### What the task requires
What are the lines from the top of the entries through the one with "Keyhole Back Floral Embroidered Crop Top"? Write them out exactly, with no pictures.

(Source records)
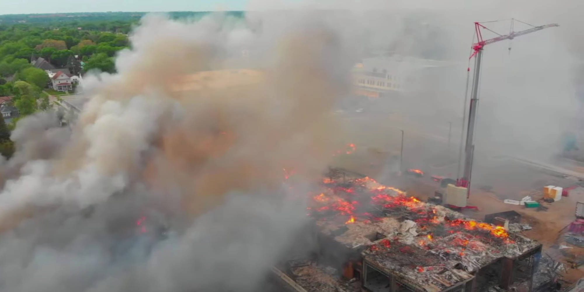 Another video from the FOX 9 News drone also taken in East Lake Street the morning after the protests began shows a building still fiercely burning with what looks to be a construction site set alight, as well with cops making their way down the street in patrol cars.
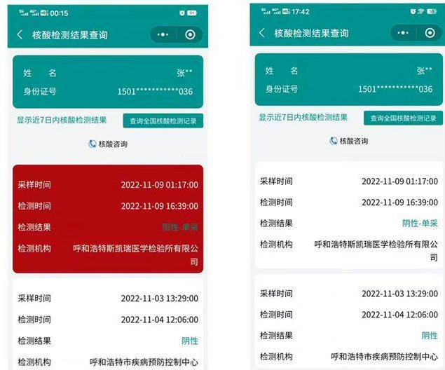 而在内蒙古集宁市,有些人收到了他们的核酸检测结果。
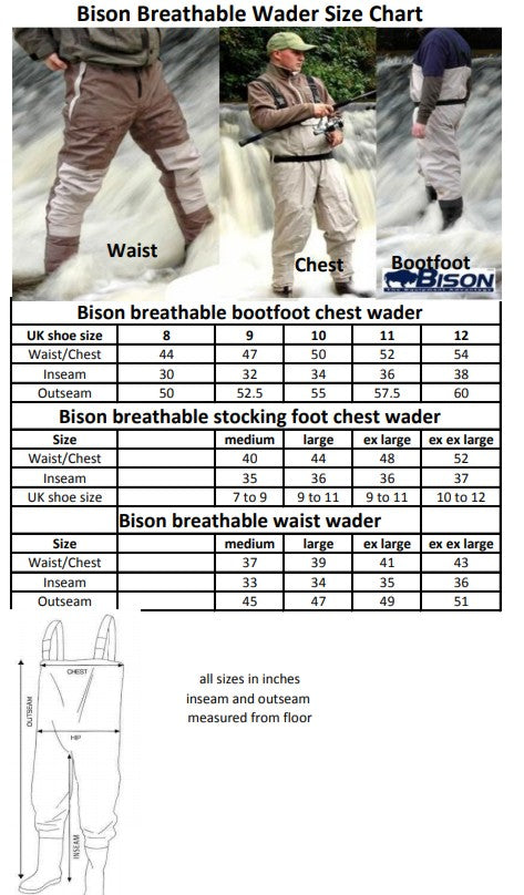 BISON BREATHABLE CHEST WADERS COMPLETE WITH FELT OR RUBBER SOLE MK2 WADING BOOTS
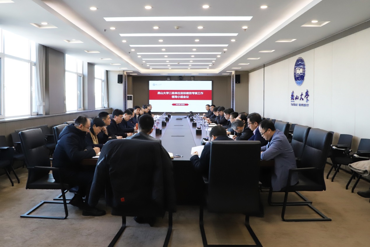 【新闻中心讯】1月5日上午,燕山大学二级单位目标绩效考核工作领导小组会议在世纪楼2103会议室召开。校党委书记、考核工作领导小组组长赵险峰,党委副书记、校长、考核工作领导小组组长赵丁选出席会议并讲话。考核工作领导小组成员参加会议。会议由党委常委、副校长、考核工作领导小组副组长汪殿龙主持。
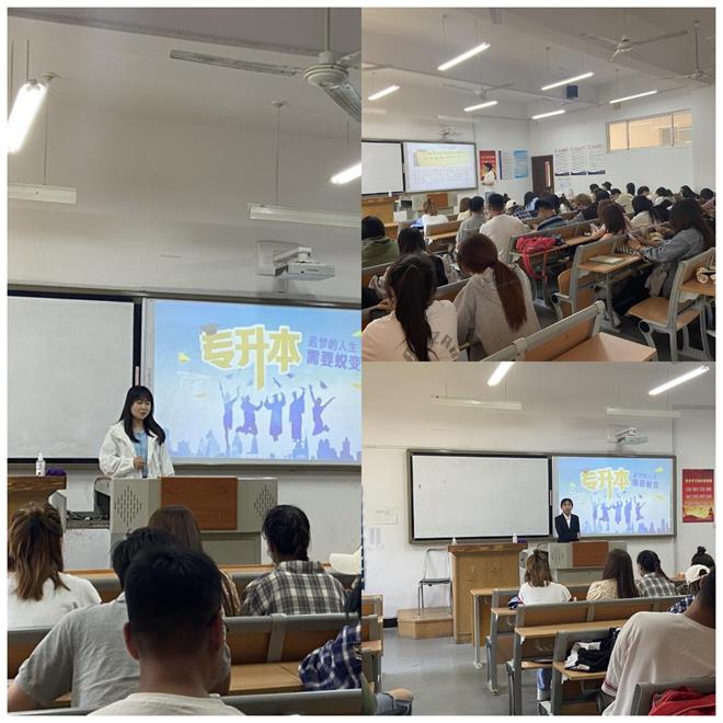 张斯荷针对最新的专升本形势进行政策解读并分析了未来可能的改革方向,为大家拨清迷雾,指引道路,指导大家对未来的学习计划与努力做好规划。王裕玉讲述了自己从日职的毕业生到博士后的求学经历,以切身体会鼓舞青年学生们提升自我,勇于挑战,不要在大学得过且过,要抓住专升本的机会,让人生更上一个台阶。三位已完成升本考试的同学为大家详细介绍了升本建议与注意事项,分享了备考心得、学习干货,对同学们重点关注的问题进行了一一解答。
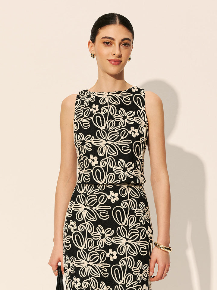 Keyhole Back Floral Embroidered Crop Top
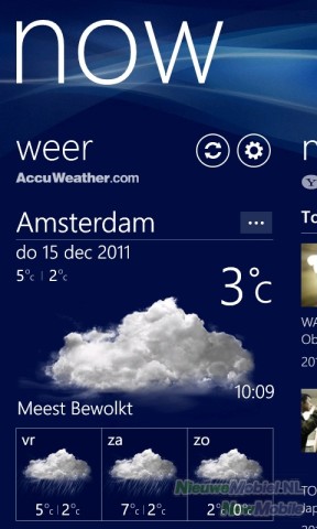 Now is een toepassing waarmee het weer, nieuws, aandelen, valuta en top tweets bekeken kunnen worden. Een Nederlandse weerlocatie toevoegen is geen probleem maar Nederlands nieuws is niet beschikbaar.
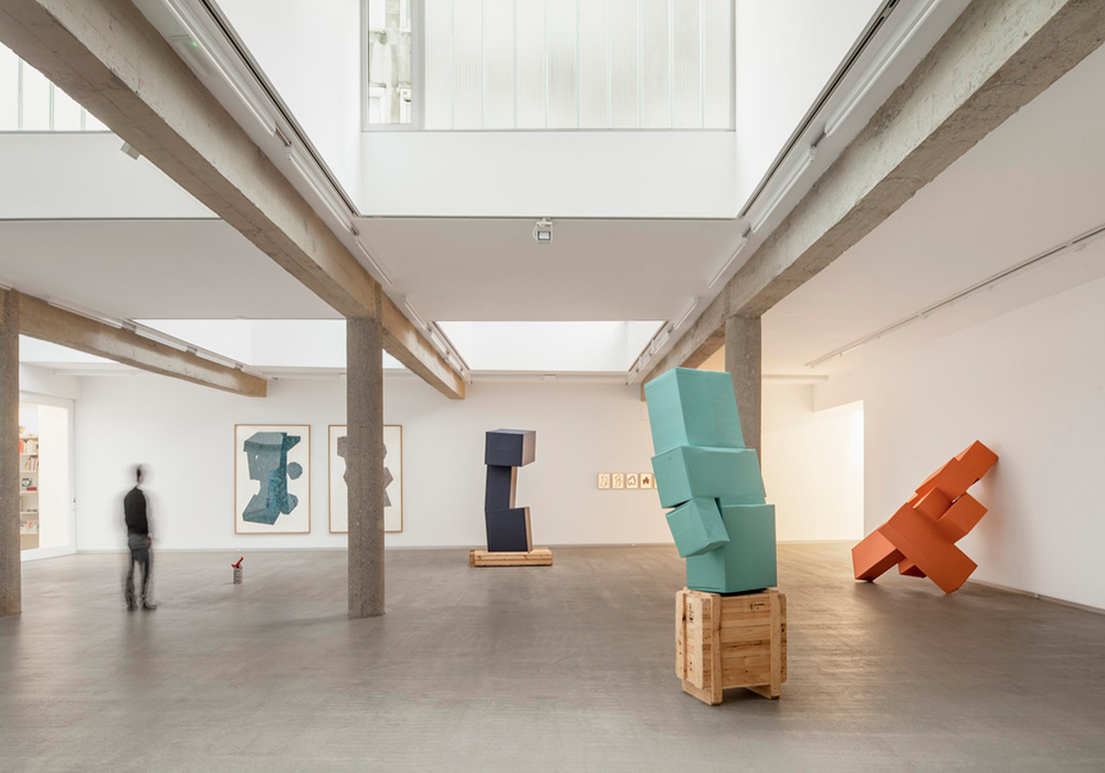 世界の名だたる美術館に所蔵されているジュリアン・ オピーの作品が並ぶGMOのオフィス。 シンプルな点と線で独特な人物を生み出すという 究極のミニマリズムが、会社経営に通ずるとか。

### Answer to the exercise
 Another video from the FOX 9 News drone also taken in East Lake Street the morning after the protests began shows a building still fiercely burning with what looks to be a construction site set alight, as well with cops making their way down the street in patrol cars.
 而在内蒙古集宁市,有些人收到了他们的核酸检测结果。
 BISON BREATHABLE CHEST WADERS COMPLETE WITH FELT OR RUBBER SOLE MK2 WADING BOOTS
 【新闻中心讯】1月5日上午,燕山大学二级单位目标绩效考核工作领导小组会议在世纪楼2103会议室召开。校党委书记、考核工作领导小组组长赵险峰,党委副书记、校长、考核工作领导小组组长赵丁选出席会议并讲话。考核工作领导小组成员参加会议。会议由党委常委、副校长、考核工作领导小组副组长汪殿龙主持。
 张斯荷针对最新的专升本形势进行政策解读并分析了未来可能的改革方向,为大家拨清迷雾,指引道路,指导大家对未来的学习计划与努力做好规划。王裕玉讲述了自己从日职的毕业生到博士后的求学经历,以切身体会鼓舞青年学生们提升自我,勇于挑战,不要在大学得过且过,要抓住专升本的机会,让人生更上一个台阶。三位已完成升本考试的同学为大家详细介绍了升本建议与注意事项,分享了备考心得、学习干货,对同学们重点关注的问题进行了一一解答。
 Keyhole Back Floral Embroidered Crop Top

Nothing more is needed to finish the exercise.